Data excerpts:
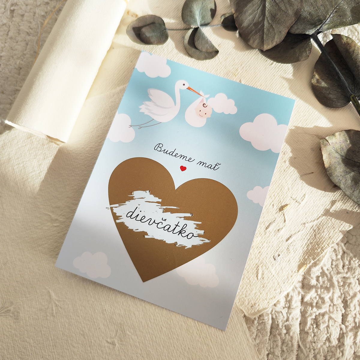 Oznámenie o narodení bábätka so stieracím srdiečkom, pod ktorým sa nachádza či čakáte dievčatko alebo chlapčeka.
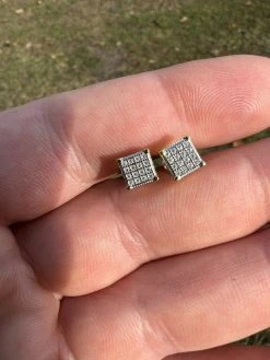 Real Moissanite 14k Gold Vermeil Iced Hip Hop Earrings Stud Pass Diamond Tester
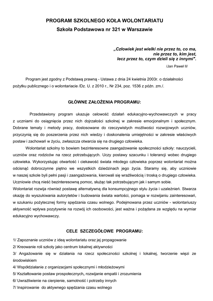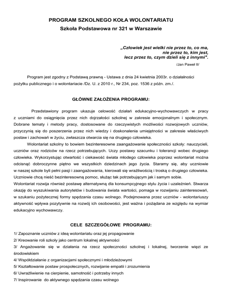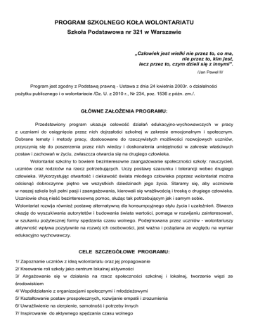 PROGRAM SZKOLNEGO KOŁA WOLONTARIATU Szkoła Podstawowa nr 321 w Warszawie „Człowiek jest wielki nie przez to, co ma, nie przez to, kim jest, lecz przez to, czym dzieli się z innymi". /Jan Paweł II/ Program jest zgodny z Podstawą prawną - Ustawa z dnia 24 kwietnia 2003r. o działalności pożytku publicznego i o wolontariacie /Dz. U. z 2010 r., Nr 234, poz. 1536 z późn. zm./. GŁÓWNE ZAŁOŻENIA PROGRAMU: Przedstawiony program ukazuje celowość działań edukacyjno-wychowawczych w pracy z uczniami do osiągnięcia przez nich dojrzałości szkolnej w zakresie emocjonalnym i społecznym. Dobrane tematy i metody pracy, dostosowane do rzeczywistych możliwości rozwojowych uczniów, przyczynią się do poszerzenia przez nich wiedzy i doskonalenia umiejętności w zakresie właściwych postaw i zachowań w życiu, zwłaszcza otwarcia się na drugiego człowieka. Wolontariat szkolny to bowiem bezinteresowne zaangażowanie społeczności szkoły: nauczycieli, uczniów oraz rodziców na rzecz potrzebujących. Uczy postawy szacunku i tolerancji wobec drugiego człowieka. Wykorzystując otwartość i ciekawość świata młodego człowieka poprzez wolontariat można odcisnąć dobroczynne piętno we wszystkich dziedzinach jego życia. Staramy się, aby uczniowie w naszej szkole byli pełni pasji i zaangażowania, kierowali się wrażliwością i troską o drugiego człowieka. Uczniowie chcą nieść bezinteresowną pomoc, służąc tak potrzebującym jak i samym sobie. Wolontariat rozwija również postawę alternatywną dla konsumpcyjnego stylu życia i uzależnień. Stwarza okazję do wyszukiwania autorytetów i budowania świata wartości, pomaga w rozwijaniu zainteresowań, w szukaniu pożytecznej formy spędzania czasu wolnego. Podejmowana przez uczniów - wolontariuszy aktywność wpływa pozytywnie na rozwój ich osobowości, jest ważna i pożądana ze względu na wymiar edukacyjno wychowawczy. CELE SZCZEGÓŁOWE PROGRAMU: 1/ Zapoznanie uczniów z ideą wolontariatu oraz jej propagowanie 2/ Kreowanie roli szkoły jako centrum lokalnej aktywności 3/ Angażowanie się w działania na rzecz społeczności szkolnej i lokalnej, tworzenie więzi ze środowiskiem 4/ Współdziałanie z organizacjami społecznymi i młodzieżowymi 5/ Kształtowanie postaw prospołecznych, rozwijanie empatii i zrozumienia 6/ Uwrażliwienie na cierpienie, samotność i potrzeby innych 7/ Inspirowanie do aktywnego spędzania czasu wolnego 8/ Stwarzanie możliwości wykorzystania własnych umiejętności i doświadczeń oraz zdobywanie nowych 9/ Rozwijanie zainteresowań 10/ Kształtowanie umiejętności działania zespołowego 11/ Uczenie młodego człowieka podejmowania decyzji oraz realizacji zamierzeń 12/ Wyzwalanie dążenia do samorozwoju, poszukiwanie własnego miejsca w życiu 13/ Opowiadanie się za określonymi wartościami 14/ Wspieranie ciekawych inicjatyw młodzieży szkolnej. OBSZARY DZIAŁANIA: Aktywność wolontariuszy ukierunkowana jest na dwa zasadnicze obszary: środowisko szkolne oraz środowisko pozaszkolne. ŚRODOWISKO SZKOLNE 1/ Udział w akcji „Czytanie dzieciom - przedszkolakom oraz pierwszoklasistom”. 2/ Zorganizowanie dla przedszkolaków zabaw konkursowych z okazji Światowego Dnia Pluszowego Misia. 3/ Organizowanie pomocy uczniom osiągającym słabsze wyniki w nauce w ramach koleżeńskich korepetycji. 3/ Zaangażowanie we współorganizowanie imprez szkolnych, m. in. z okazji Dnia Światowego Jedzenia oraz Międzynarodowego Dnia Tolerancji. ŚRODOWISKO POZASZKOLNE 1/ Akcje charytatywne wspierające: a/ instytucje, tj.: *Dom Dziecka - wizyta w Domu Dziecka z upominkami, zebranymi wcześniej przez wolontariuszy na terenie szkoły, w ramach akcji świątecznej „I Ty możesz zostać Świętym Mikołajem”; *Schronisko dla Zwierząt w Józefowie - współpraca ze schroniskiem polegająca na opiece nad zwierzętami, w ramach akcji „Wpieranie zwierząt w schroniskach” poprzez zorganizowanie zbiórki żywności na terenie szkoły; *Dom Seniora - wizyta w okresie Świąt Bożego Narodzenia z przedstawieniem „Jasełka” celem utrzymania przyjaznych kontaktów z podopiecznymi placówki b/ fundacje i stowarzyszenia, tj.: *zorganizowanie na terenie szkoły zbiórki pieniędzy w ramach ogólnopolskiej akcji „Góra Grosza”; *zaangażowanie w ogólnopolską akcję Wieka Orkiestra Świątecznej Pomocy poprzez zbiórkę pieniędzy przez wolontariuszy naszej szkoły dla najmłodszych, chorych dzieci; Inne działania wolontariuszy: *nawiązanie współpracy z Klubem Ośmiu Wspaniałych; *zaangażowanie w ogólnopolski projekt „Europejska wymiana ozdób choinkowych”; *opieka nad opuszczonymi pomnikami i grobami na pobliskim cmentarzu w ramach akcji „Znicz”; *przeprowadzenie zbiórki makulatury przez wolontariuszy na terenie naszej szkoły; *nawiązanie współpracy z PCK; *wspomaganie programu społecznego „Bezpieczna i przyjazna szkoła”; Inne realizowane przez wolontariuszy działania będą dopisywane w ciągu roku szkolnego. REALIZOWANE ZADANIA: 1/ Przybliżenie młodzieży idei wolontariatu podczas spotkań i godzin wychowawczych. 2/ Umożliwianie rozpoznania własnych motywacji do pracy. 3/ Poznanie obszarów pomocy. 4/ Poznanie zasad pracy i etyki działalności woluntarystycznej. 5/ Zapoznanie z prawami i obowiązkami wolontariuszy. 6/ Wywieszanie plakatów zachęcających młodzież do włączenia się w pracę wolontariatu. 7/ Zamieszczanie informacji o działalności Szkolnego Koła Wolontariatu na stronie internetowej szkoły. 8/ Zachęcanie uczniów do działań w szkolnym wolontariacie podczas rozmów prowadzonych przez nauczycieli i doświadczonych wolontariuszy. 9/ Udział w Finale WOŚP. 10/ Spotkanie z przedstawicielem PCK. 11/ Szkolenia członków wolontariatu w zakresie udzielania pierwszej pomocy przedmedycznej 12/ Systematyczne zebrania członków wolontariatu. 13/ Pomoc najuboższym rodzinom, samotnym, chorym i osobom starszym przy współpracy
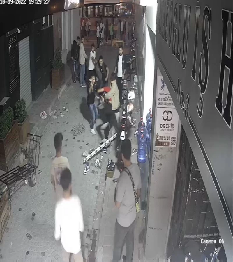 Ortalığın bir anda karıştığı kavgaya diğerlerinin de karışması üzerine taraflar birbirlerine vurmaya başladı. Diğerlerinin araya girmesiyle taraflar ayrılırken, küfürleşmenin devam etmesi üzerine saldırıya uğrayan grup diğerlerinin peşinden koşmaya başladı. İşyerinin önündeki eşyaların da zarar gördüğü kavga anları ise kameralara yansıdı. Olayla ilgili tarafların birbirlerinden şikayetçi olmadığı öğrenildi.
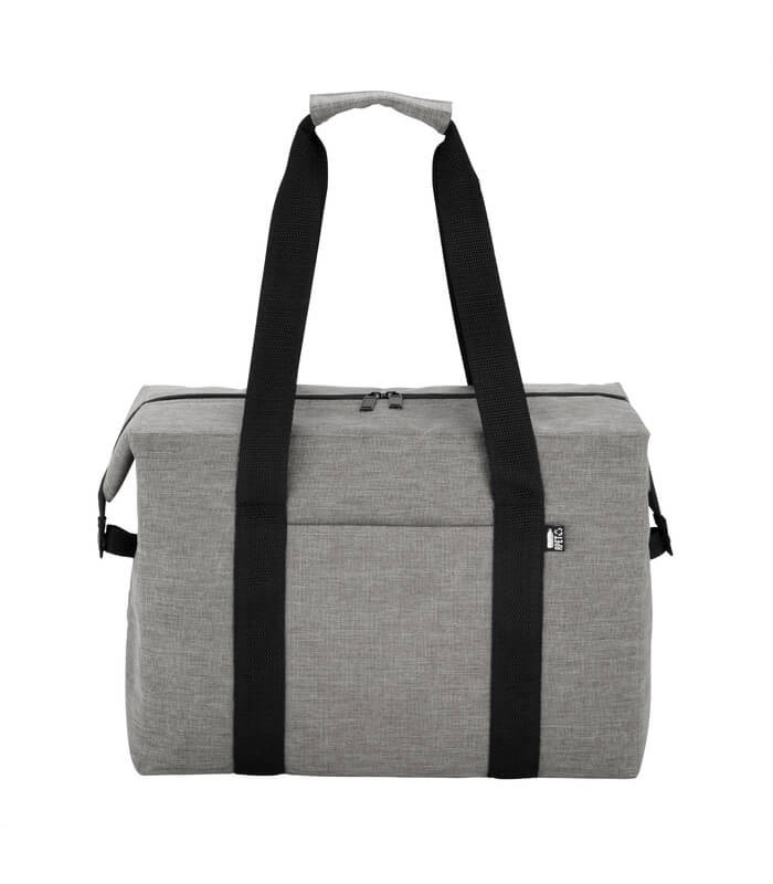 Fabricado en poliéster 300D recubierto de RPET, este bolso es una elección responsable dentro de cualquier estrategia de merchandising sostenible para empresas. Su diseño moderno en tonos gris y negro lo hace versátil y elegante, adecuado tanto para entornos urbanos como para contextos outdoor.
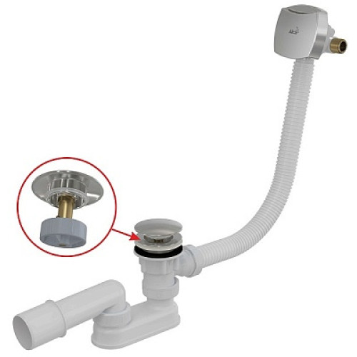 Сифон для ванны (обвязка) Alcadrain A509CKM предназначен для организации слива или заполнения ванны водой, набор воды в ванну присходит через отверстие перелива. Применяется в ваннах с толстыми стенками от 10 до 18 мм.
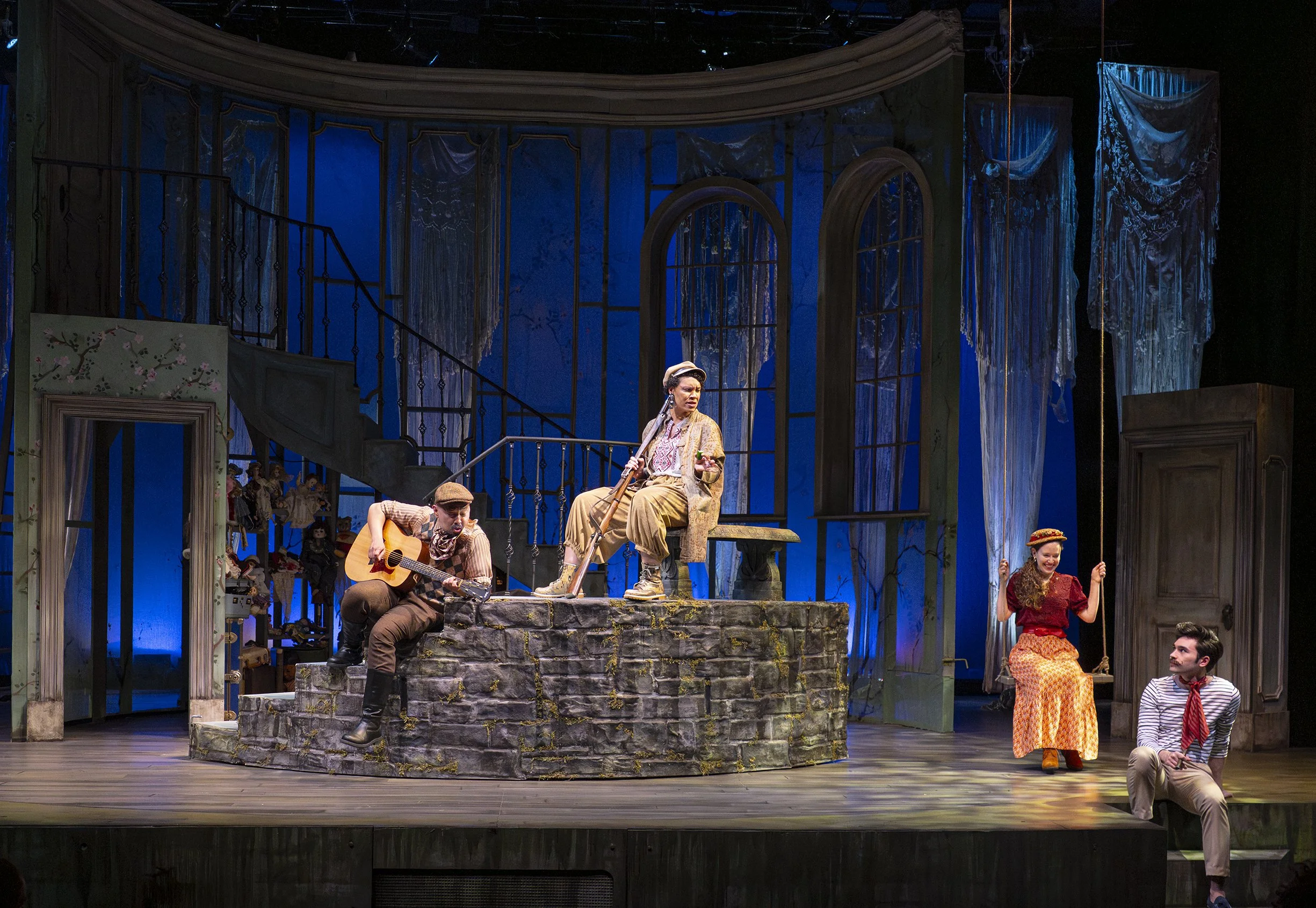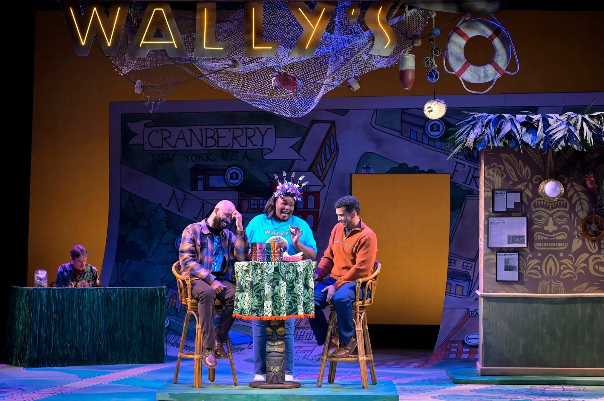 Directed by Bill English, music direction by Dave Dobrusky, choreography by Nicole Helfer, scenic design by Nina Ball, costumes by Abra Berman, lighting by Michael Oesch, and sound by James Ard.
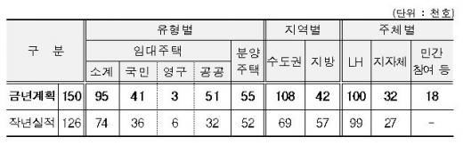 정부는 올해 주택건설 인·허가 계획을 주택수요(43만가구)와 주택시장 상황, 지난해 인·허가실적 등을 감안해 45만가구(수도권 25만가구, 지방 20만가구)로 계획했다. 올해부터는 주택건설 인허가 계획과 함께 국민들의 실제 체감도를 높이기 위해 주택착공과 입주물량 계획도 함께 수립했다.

ACTION ITEM:
Every line from the one containing "Ortalığın bir anda" through the end of the entries above, both included, should be extracted exactly, with pictures left out.

OUTPUT BELOW:
 Ortalığın bir anda karıştığı kavgaya diğerlerinin de karışması üzerine taraflar birbirlerine vurmaya başladı. Diğerlerinin araya girmesiyle taraflar ayrılırken, küfürleşmenin devam etmesi üzerine saldırıya uğrayan grup diğerlerinin peşinden koşmaya başladı. İşyerinin önündeki eşyaların da zarar gördüğü kavga anları ise kameralara yansıdı. Olayla ilgili tarafların birbirlerinden şikayetçi olmadığı öğrenildi.
 Fabricado en poliéster 300D recubierto de RPET, este bolso es una elección responsable dentro de cualquier estrategia de merchandising sostenible para empresas. Su diseño moderno en tonos gris y negro lo hace versátil y elegante, adecuado tanto para entornos urbanos como para contextos outdoor.
 Сифон для ванны (обвязка) Alcadrain A509CKM предназначен для организации слива или заполнения ванны водой, набор воды в ванну присходит через отверстие перелива. Применяется в ваннах с толстыми стенками от 10 до 18 мм.
 Directed by Bill English, music direction by Dave Dobrusky, choreography by Nicole Helfer, scenic design by Nina Ball, costumes by Abra Berman, lighting by Michael Oesch, and sound by James Ard.
 정부는 올해 주택건설 인·허가 계획을 주택수요(43만가구)와 주택시장 상황, 지난해 인·허가실적 등을 감안해 45만가구(수도권 25만가구, 지방 20만가구)로 계획했다. 올해부터는 주택건설 인허가 계획과 함께 국민들의 실제 체감도를 높이기 위해 주택착공과 입주물량 계획도 함께 수립했다.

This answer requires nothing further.